FIG. 2 shows a melting curve obtained by qPCR (CHRDL1 gene) performed in the present example.
FIG. 3 shows the distribution of copy number variation of CHRDL1 gene in bovine populations, which was detected in the present example.
Detailed Description
The present invention will be described in further detail with reference to the following drawings and examples, which are provided for illustration only and are not intended to limit the scope of the present invention.
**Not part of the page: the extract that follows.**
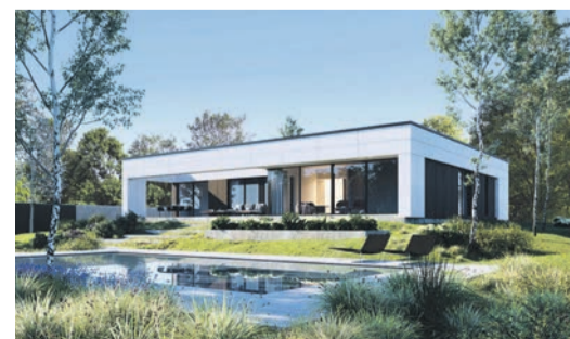
Großzügiges Wohnen auf einer Ebene: Bungalows in einem modernen Look mit viel Glas verbinden Komfort mit praktischen Vorteilen.

entwickelt. Hochwertige Faserzementplatten mit schönem Patinaeffekt oder mit natürlichem Charme rahmen die gläsernen Wände ein und verleihen dem Eigenheim einen Loftstil. Bei der Innengestaltung und der Wahl von Materialien und Farben haben die Bauherren zu großen Teilen freie Hand, ein Innenarchitekt steht beratend zur Seite. Unter www.danwoodvision.de gibt es ausführliche Informationen sowie eine Kontaktmöglichkeit.

The invention aims at the copy number variation region Chr X of the cattle CHRDL1 gene (GenBank Accession No. AC-000187.1) screened in the re-sequencing, is 64369201bp-64378000bp, detects the copy number variation of the cattle CHRDL1 gene by utilizing qPCR, and reveals a CNV mark existing in the cattle CHRDL1 gene. The concrete description is as follows.
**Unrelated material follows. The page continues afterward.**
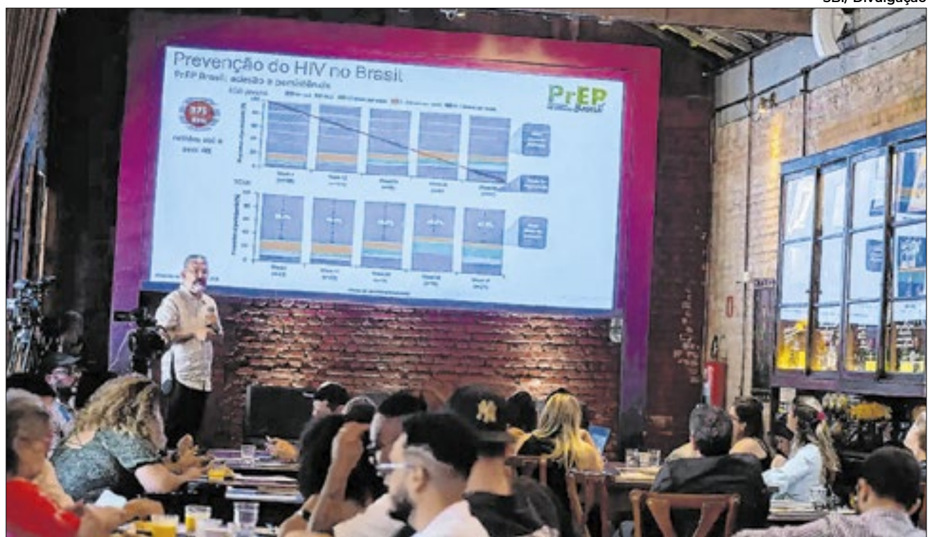
Material é da Sociedade Brasileira de Infectologia

registrados 1.124.063 casos de aids no Brasil. O boletim destaca que, em média, houve 35,9 mil novos casos de aids nos últimos cinco anos.
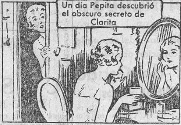
Un día Pepita descubrió el obscuro secreto de Clarita

1. Sample collection and genomic DNA extraction
(1) Blood sample collection and data collection
TABLE 1 Experimental animal sample information
Figure BDA0002999599990000041
673 blood samples are collected together, the samples are all adult cows more than 2 years old (24-36 months old), the blood collection method is jugular vein blood collection, the blood is brought back to a laboratory by an ice box and stored at-80 ℃; and (4) sampling, and simultaneously determining, collecting and inputting growth development basic data of corresponding individuals for later-stage correlation analysis.
(2) Extraction of DNA from blood sample (extraction of genomic DNA from sample by phenol-chloroform method)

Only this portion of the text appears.